TASK GOAL ->
Transcribe the material verbatim, starting at its first line and stopping once the line containing "Il y a beaucoup" has been given; no picture should appear.

MATERIAL SHOWN ->
⟨
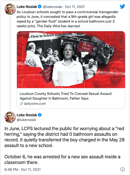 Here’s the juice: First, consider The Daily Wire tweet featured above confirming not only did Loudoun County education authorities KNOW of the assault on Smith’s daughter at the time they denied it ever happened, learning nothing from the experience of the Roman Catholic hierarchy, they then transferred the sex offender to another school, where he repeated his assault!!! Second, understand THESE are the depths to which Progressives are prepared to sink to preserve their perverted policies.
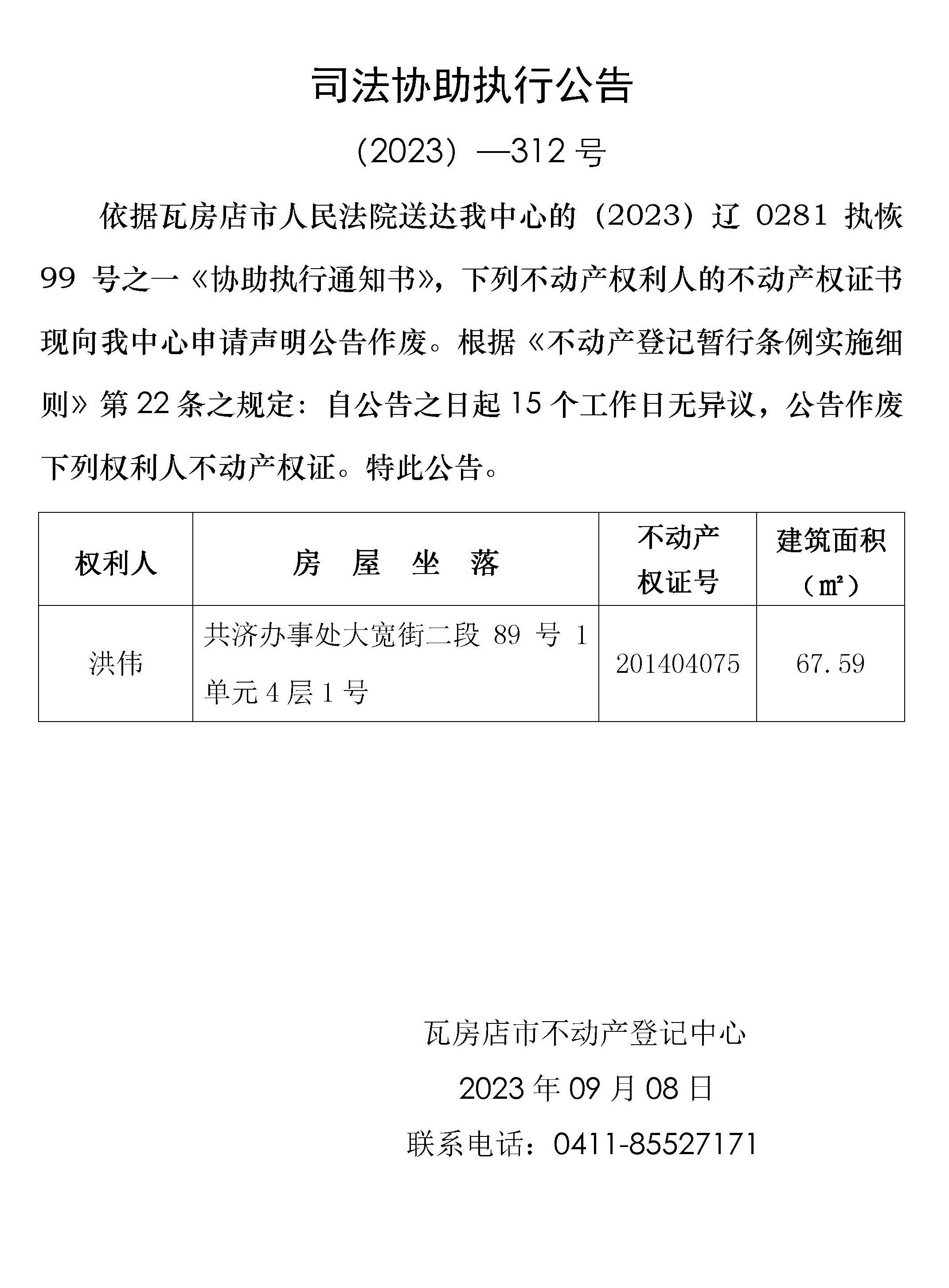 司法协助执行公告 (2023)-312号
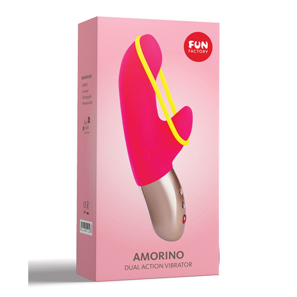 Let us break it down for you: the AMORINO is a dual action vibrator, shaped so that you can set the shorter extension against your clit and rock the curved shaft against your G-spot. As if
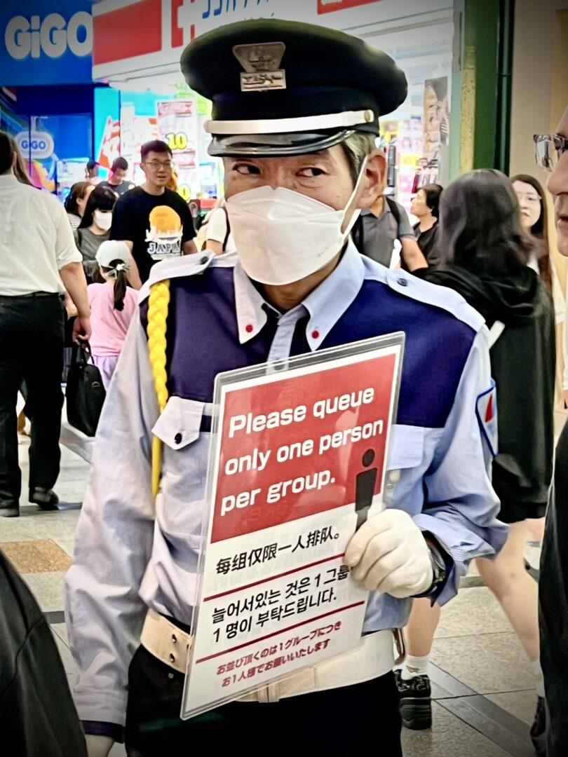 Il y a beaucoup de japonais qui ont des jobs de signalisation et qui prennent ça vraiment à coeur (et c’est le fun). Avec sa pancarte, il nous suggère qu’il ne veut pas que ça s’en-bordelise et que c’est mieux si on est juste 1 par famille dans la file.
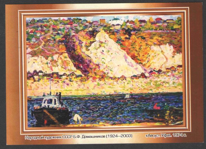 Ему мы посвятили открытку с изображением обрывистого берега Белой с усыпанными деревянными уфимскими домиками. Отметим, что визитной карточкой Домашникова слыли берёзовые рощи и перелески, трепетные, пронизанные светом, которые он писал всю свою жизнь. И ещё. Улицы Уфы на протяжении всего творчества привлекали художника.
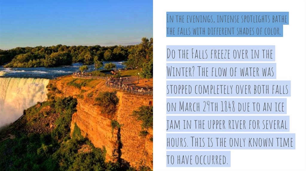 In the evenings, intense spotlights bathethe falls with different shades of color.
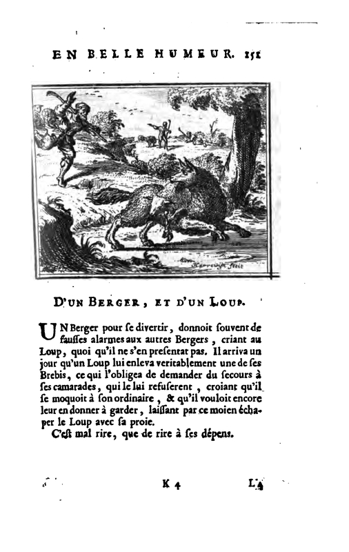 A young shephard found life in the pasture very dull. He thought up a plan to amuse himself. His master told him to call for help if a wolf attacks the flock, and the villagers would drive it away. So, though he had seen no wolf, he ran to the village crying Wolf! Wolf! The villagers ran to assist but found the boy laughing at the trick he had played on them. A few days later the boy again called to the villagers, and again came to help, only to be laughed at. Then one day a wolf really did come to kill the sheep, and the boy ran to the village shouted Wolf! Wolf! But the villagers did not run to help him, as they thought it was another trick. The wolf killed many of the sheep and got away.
⟩
ANSWER SECTION ->
 Here’s the juice: First, consider The Daily Wire tweet featured above confirming not only did Loudoun County education authorities KNOW of the assault on Smith’s daughter at the time they denied it ever happened, learning nothing from the experience of the Roman Catholic hierarchy, they then transferred the sex offender to another school, where he repeated his assault!!! Second, understand THESE are the depths to which Progressives are prepared to sink to preserve their perverted policies.
 司法协助执行公告 (2023)-312号
 Let us break it down for you: the AMORINO is a dual action vibrator, shaped so that you can set the shorter extension against your clit and rock the curved shaft against your G-spot. As if
 Il y a beaucoup de japonais qui ont des jobs de signalisation et qui prennent ça vraiment à coeur (et c’est le fun). Avec sa pancarte, il nous suggère qu’il ne veut pas que ça s’en-bordelise et que c’est mieux si on est juste 1 par famille dans la file.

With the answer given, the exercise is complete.